Re: howto parse (or determining end) of a line of perl
by choroba (Cardinal) on Aug 25, 2016 at 07:36 UTC
    How have you implemented the calculator? If you already have a parser, just check whether it produces the starting symbol, if not, ask for more input. See for example my Marpa::R2 calculator with variables tolerant to missing semicolons on GitHub.

    ($q=q:Sq=~/;[c](.)(.)/;chr(-||-|5+lengthSq)`"S|oS2"`map{chr |+ord }map{substrSq`S_+|`|}3E|-|`7**2-3:)=~y+S|`+$1,++print+eval$q,q,a,
Re: howto parse (or determining end) of a line of perl
by Eily (Monsignor) on Aug 25, 2016 at 09:23 UTC

    I think I remember LanX talking about a REPL of his where a new line would be prompted and concatenated to the current statement until it did compile. To check for compilation without actually executing anything you can do something like: eval "sub DUMMY { $code }; 1" or die "Failed! $@". Any use statment or BEGIN block will still be executed though.

    Of course this requires a way to cancel the current input, maybe with an EOF token in Linux, or anything that you are not going to put in actual perl code.

    Edit: rephrased the first sentence for clarity.

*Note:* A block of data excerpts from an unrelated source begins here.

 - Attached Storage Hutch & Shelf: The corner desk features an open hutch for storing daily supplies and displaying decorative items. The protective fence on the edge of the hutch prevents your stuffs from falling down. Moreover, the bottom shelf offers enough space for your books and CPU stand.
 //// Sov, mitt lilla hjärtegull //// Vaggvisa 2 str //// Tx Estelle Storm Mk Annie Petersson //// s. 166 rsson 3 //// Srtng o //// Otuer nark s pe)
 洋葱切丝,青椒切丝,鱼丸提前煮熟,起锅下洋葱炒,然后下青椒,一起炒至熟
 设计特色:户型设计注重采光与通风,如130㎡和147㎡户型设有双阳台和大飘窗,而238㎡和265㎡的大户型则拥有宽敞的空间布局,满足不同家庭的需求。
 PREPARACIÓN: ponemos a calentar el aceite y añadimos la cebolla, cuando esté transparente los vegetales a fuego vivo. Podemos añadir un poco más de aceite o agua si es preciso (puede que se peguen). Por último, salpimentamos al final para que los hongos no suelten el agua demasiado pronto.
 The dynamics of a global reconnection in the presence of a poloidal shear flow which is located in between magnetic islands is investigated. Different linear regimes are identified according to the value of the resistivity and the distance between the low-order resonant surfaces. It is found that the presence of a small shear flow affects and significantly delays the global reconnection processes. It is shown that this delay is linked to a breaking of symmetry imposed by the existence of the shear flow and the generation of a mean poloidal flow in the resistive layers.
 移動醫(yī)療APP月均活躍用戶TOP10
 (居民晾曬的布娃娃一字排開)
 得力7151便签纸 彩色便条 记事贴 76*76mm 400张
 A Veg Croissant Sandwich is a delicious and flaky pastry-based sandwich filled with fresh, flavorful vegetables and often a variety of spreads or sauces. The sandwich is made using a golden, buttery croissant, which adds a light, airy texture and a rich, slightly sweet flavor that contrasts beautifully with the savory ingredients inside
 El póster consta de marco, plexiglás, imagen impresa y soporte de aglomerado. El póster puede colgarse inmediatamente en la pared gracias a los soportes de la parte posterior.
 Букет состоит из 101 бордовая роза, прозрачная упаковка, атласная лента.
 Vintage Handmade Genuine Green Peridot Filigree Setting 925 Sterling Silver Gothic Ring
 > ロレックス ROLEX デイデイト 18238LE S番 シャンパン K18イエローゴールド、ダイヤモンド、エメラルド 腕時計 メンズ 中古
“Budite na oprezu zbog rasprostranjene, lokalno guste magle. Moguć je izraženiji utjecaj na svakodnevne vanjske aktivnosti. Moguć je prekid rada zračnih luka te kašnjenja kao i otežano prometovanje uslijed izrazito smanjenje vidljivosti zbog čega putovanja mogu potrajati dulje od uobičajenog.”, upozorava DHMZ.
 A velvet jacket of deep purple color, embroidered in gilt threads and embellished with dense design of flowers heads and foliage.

      eval "sub DUMMY { $code }; 1" ..." -- that does something if "$code" contains a sub, but if you are willing to allow for "less than perfect" (fine for most personal toys), then yeah... don't really need the sub on the outside as it doesn't really provide any extra protection that I know of.

      Another layer of "less than perfect" protection, but w/the advantage of getting a 'default' (overridable) namespace protection, is to put the evaluated code in a separate package namespace -- so all my calculator's namespace evals are done in a 'USER' namespace -- so user routines and constants default to be separated from my machinery namespace (the keyword in many of these solutions being 'default' to allow for simple, DWIM behavior).

      I think there might be some better sandboxing mods in CPAN, if you wanted to get paranoid, but might not be worth the overhead/side effects for a personal 'toy'....;-)

        don't really need the sub on the outside as it doesn't really provide any extra protection that I know of

        It prevents the code from being executed. Except, of course, for BEGIN blocks and use statements (which also execute when you use the -c (compile only) option to perl).

Re: howto parse (or determining end) of a line of perl
by Anonymous Monk on Aug 25, 2016 at 00:42 UTC

    Good luck...

    You could try eval on what you have and if it gives an error change prompt and read more :)

    That may work some of the time, especially if you leave an operator at the end of the line.

    (I have a much better way, but the margins of this note don't have enough room to explain it.)

      Yeah thought about that (eval+error->reprompt). Problem w/that is that evaluating it could change the 'environment' such that re-evaluating it later wouldn't work.

      (Example in my margins; ;-))

        Maybe starting a thread to test compile the expression. "Return" success or fail to the main then end the thread.

        (Maybe I'm misremembering, but I think that threads in Perl work by creating additional PVMs to execute the threads.)

        Or try using Safe (which is a core module) to test-compile the expressions.